ESCLUSIVA - Calisti: "La mia Lazio degli anni '80, che ricordi! Ecco cosa serve per puntare allo scudetto" - VIDEO
Tre stagioni in maglia biancoceleste, per un totale di 48 presenze e 1 gol. Romano di nascita cresciuto nel settore giovanile della sua squadra del cuore, gioca come tornante di fascia mostrando grandi capacità atletiche e tecniche. Doti che lo portano ad entrare nel giro della Nazionale Under 21 e a esser indicato come un giovane di sicura prospettiva. Ciò che più salta all'occhio è però il suo grande temperamento, la capacità di lottare, di soffrire in campo. Sarà proprio quel suo cuore immenso a condizionare la sua carriera. Il 27 aprile 1986, infatti, nel tentativo di salvare un gol sulla linea contro il Monza, si rompe il ginocchio in ricaduta e resta fermo quasi due anni, proprio a ridosso di una delle stagioni più significative della storia laziale: quella del meno nove. Del suo passato, ma anche della Lazio del presente, di tattica e tanto altro ha parlato Ernesto Calisti ai ragazzi del 3° Corso di Informazione Sportiva della Lalaziosiamonoi.it.

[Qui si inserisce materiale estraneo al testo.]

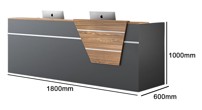 Thiết kế tối giản nhưng nổi bật, kết hợp giữa hai gam màu xám hiện đại và nâu vân gỗ tự nhiên, tạo cảm giác vừa mạnh mẽ, vừa ấm áp. Phần mặt bàn gỗ nổi bật, được cắt góc tạo điểm nhấn hình học tinh tế, mang đến cảm giác vững chắc – chuyên nghiệp – sang trọng.
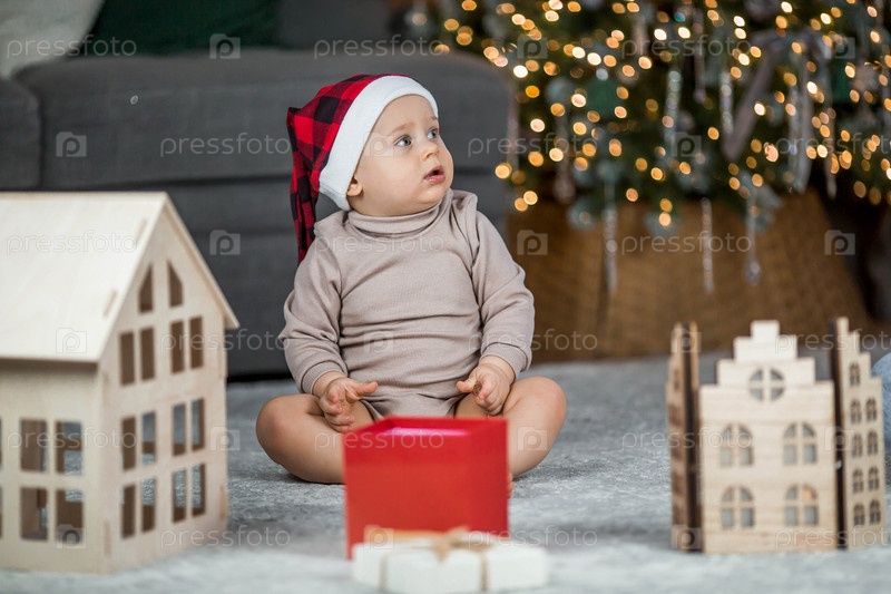 Красивый маленький светловолосый мальчик 1 года в шапке Санта-Клауса сидит на фоне рождественской елки. Концепция празднования Рождества и Нового года
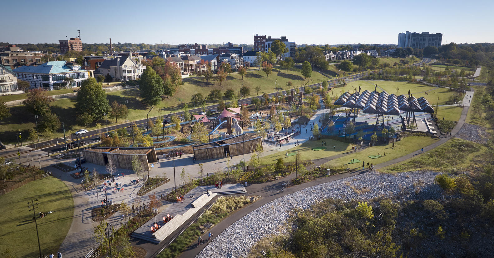 甘建筑事务所城市规划负责人吉娅·比亚吉(Gia Biagi)表示:“自项目启动之初,设计团队便以有意义且持续的方式吸纳社区参与,因此公园的规划充分反映了社区自身的理念与愿景。”这一耗资 6100 万美元的项目通过公私合作模式完成,资金来源于市、县、州和联邦政府,以及由本地和全国慈善机构、企业及个人组成的联合体。
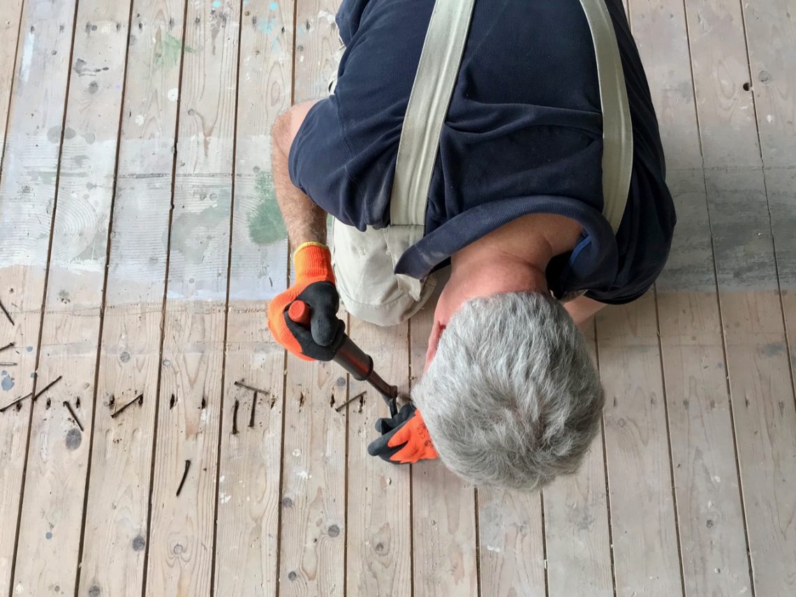Eerst moesten de spijkers er uit. Ik liep beneden ‘het rode stof te bestrijden’ en hoorde Hessel boven steeds zuchten. Het is een monnikenwerk. Omdat je er niet heel erg intelligent voor leek te moeten zijn, vroeg ik of ik het niet kon doen. Echter, je moet zoveel kracht zetten om de spijkers uit de vloer te trekken met de spijkertrekker dat ik dat niet zou kunnen. Daar zit wat in.
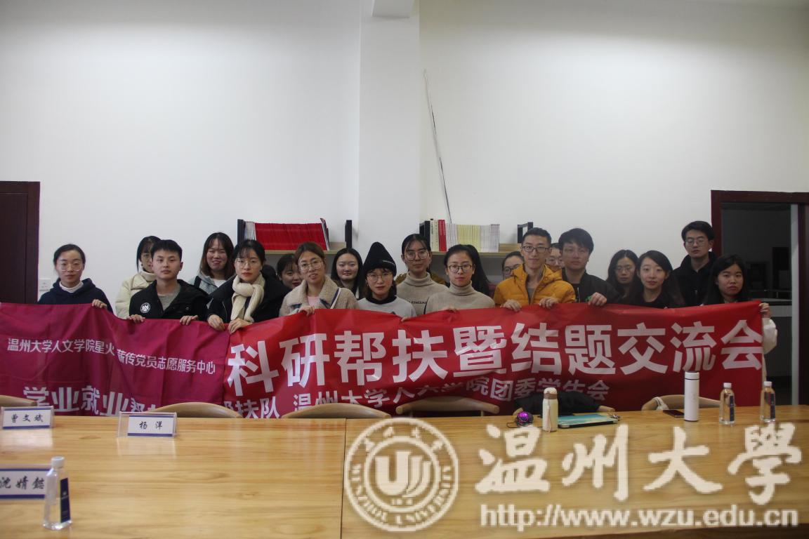 2019年12月6日晚,九色視頻 “星火·薪传”党员志愿服务中心·学业就业帮扶队携手院团委科协部于人文楼214会议室召开2019-2020学年第一学期科研帮扶暨结题交流会。
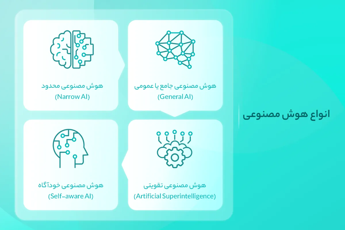 هوش مصنوعی به‌طور کلی در چندین دسته‌بندی مختلف تقسیم می‌شود که هرکدام کاربردهای ویژه‌ای دارند. در اینجا به معرفی مهم‌ترین انواع هوش مصنوعی می‌پردازیم:
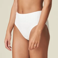 Der Avero Taillenslip von Marie Jo in der Farbe Natur. Dieser cremefarbene Slip ist ein schöner Kompromiss zwischen Eleganz und Tragekomfort.Dank des hohen Bündchens wird der Bauch bedeckt. Der Slip an der Seite mit einer Blume verziert.
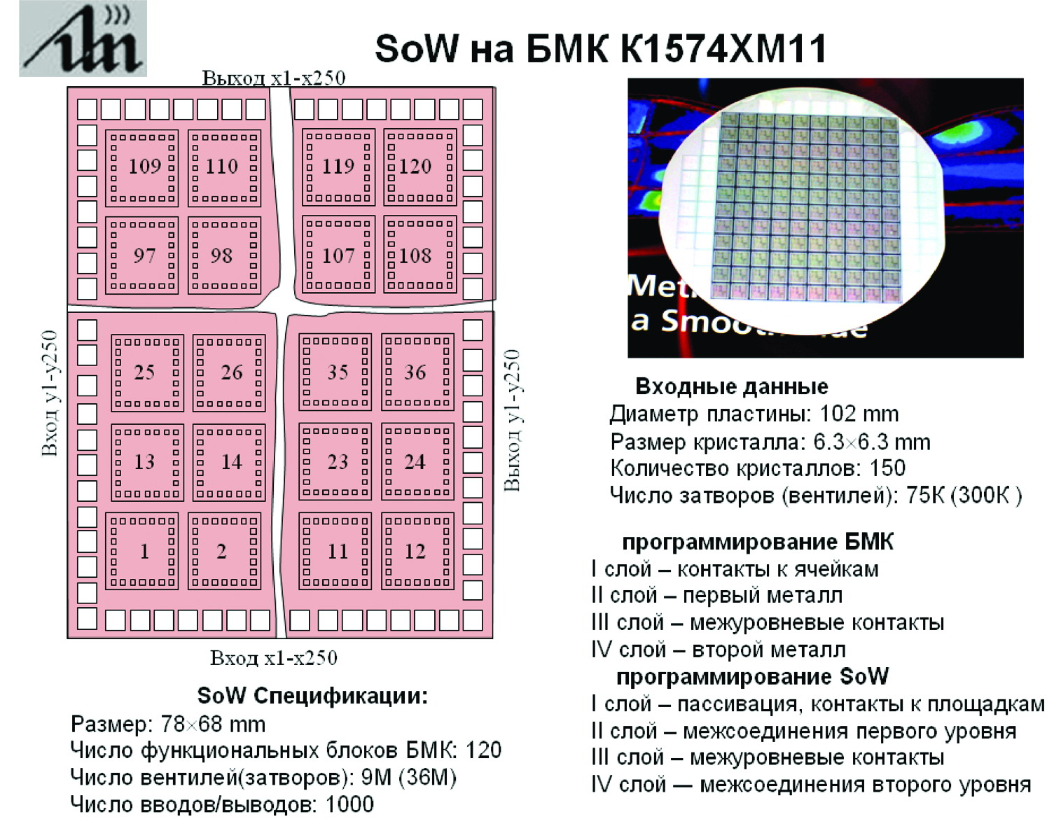 Разработанная минифабрика заказных интегральных микросхем и систем на пластинах (minifab ASICs and SoW) ориентирована на заказные приборы: ASIC, SoC, SoW, и IP-blocks. Основные принципы минифабрики: • неполный цикл — формирование только межсоединений; • индивидуальная обработка пластин: каждая пластина — производственная партия; • прямая лазерная запись элементов межсоединений; • минимальный размер суперчистой комнаты; • автоматизированное оборудование; • оборудование объединено в единую конвейерную линию. Преимущества минифабрики: • минимальное число и низкая стоимость единиц оборудования; • минимум обслуживающего персонала • короткий срок программирования (< 3 часов 1 слой); Лазерный генератор изображений, обеспечивает: — получение минимального размера элемента x 0.5 mm; — максимальную площадь экспонирования 300*300 mm2; — точность позиционирования луча < 0.1 mm; — индивидуальное программирование каждого кристалла на пластине; — сокращение времени и материальных затрат разработки и изготовления SoW и перехода от одного типа к другому; — отсутствие ограничения на размер экспонируемого кристалла; SoW, вплоть до x300 мм; — оперативное внесение изменений в изготавливаемое SoW; — отключение неисправных элементов и подключение резервных вплоть до отдельной ячейки.

Lei ha giocato in una Lazio che sulla carta appariva competitiva, composta anche da grandi giocatori come Batista e Laudrup. Non pensa che mancasse un mister che riuscisse a trovare la giusta alchimia, come sta facendo mister Pioli?

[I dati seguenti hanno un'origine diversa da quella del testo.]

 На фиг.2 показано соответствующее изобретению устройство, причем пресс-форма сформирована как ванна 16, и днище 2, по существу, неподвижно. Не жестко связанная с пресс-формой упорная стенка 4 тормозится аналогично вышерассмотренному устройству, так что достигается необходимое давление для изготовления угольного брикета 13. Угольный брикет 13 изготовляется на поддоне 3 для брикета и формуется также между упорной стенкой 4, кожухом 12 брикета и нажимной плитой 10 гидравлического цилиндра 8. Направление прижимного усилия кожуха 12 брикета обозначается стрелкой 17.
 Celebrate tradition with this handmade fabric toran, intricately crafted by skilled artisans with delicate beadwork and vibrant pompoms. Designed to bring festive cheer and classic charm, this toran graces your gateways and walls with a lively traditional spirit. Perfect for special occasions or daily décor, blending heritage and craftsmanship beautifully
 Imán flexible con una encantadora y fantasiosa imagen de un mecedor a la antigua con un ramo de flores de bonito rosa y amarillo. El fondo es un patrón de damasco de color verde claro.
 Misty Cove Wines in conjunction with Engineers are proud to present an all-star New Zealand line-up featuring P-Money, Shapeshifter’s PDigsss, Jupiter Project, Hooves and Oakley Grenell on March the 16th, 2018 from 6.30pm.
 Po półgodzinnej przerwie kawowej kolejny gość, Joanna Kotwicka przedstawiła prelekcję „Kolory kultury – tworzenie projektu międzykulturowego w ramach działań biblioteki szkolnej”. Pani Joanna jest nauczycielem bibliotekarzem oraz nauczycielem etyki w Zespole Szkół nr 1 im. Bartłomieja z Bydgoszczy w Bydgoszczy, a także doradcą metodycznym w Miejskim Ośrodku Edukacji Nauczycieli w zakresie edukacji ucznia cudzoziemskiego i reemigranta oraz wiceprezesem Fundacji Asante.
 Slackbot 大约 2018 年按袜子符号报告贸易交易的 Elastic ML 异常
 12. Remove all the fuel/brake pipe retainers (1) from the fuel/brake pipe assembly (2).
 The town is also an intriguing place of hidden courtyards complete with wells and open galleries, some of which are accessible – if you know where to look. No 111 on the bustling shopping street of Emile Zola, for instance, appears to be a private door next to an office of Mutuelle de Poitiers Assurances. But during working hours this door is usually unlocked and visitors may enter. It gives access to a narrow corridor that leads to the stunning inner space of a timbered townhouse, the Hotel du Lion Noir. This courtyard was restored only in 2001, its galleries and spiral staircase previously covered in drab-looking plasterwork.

"Fu un'annata difficile, in squadra avevamo tanti grandi giocatori come Torrisi e Orsi in porta. Ma andò male. In quell'anno fu esonerato Carosi e venne Lorenzo, l'argentino, un allenatore capace ma un po' fuori dalla realtà. Al di là del fatto che serviva un allenatore diverso, in quell'annata ci fu anche tanta sfortuna: fu una stagione maledetta con partite perse anche per errori stupidi. Sicuramente con un allenatore diverso avremmo salvato il campionato, ma fu davvero un anno tanto tanto sfortunato".
Una data significativa: 27 aprile 1986, si giocava Lazio-Monza e lei subì un grave infortunio al ginocchio. Innanzitutto che cosa ricorda di quel momento, quali sono state le sue emozioni e sensazioni? E quanto questo infortunio ha condizionato la sua carriera?
"Non dimenticherò mai quel giorno: mi è caduto il mondo addosso. Cadere e vedere il ginocchio che si piega in modo innaturale ti fa capire che qualcosa di brutto è successo. Ha inciso molto sulla mia carriera perché in quel momento ero uno dei giovani migliori del campionato italiano, rimanere fermo per quasi 2 anni ha complicato un po' le cose. Qualcuno mi dava per spacciato, qualcun altro addirittura diceva che non avrei ripreso a giocare. Invece con tanto sacrificio e tanto lavoro ce l'ho fatta. Sono tornato a lavorare a livelli alti, però indubbiamente avrei potuto fare molto di più: mi ha precluso la Nazionale maggiore e qualche altra squadra di livello importante".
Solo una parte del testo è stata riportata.